SOFTWARE Act to Address Mobile Health App Regulations

The act redefines the FDA's regulatory authority over medical software and provides companies with a better understanding of which apps require review.

A bipartisan bill was introduced in Congress last week called the Sensible Oversight for Technology which Advances Regulatory Efficiency (SOFTWARE) Act, which would provide regulatory clarity regarding mobile medical applications, clinical decision support, electronic health records and other health care-related software.

Currently, the Food and Drug Administration (FDA) lacks the necessary tools to appropriately oversee these innovative products without overstepping its authority and stifling innovation. Under current law, the FDA could use its definition of a medical device to assert broad regulatory authority over a wide array of software.

The act redefines the FDA's regulatory authority over medical software and provides companies with a better understanding of what applications require review and approval. The hope is that this will speed up innovation while also freeing regulators to increase their oversight of the medical applications, devices and drugs with the highest potential risk.

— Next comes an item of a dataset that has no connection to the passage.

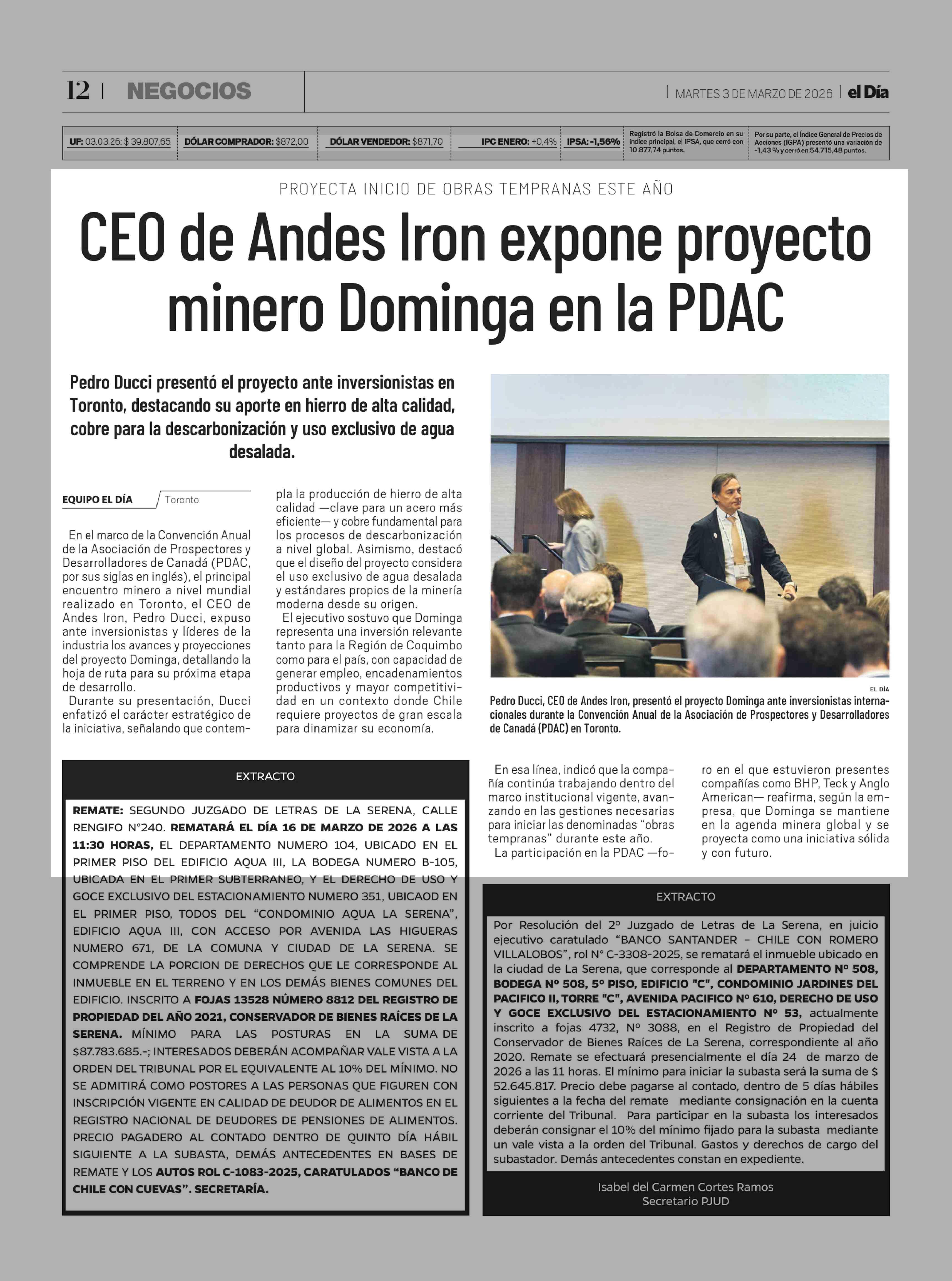 Título: CEO de Andes Iron expone proyecto minero Dominga en la PDAC

The act tailors the FDA's authority to the realities of the 21st century by focusing the administration's authority on the products that pose a potential risk to human health. Estimates indicate that the number of consumers using medical apps on their smartphones will grow to 500 million by 2015.

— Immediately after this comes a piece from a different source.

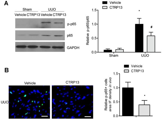 CTRP13 suppresses UUO-induced NF-κB p65 signaling pathway activation. (A) Representative Western blot analysis of P65 and phosphorylated p65 in the kidney of UUO mice. (B) Representative immunofluorescence staining of phosphorylated p65 in the kidney of UUO mice. Scale bar = 50 μm. * p < 0.05 versus Sham+Vehicle or Vehicle (UUO) group. # p < 0.05 versus UUO+Vehicle group.

According to a recent report from Research2Guidance, there are currently 97,000 mobile health apps in Apple's App Store that have generated 3 million free and 300,000 paid downloads. Fifteen percent of these apps are designed specifically for health care providers, and more than 60 percent of doctors are using tablets—compared with half of that just over a year ago.

"Health care delivery will continue to be impacted by the advent of new technology, specifically with health care software. This bill provides innovators clear regulatory guidelines that allows for breakthrough medical advancements and innovation," Dr. Phil Gingrey, R-Ga., said in a statement. "As a physician, I’ve seen firsthand the benefits of life-changing medical software and applications that better support doctors, manage disease, and ultimately, save patients' lives."

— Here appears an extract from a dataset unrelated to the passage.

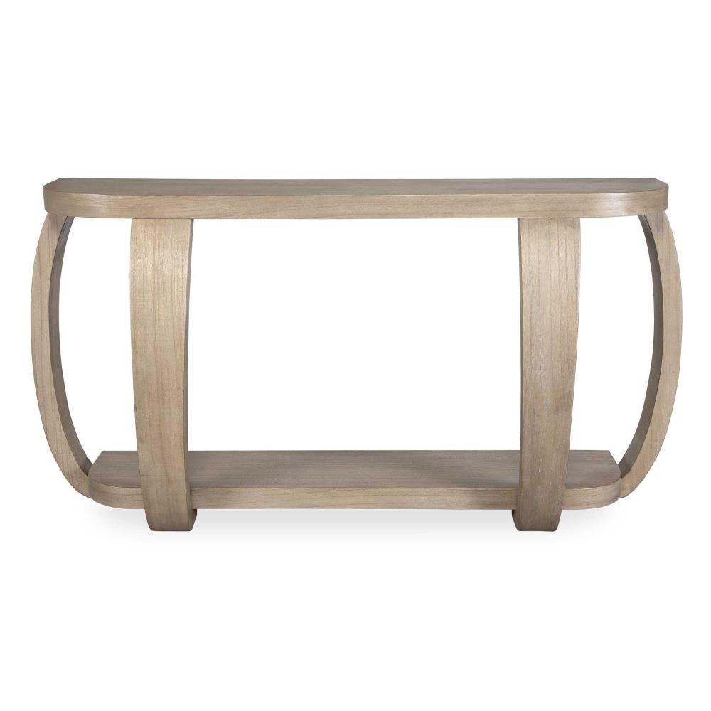 This Console Table Features A Beautiful Natural Mindi Wood Finish That Highlights The Organic Grain And Texture Of The Wood. The Design Boasts Of A Gracefully Curved Base With An Open Frame, Giving It Airy Contemporary Feel.

Despite the growing sophistication level of mobile health (mHealth) applications, only 9 percent of the total market revenue in the next five years will come from application download revenue. The Research2Guidance report found 84 percent of total mHealth application market revenue will come from related services and products such as sensors.

Last week, the Information Technology and Innovation Foundation (ITIF) praised the introduction of the act, arguing that it will create a more effective regulatory framework for medical software, improve patient safety and spur more innovation.

"As long as there is regulatory uncertainty about medical software, many companies will avoid developing new technology for this market," Daniel Castro, senior analyst with ITIF, said in a statement. "The Act would have the FDA focus its regulatory oversight on those technologies that pose the greatest risk to human health, while allowing lower risk products into the marketplace more rapidly."

The ITIF is a non-partisan think tank whose mission is to formulate and promote public policies to advance technological innovation and productivity internationally, in Washington and in the states.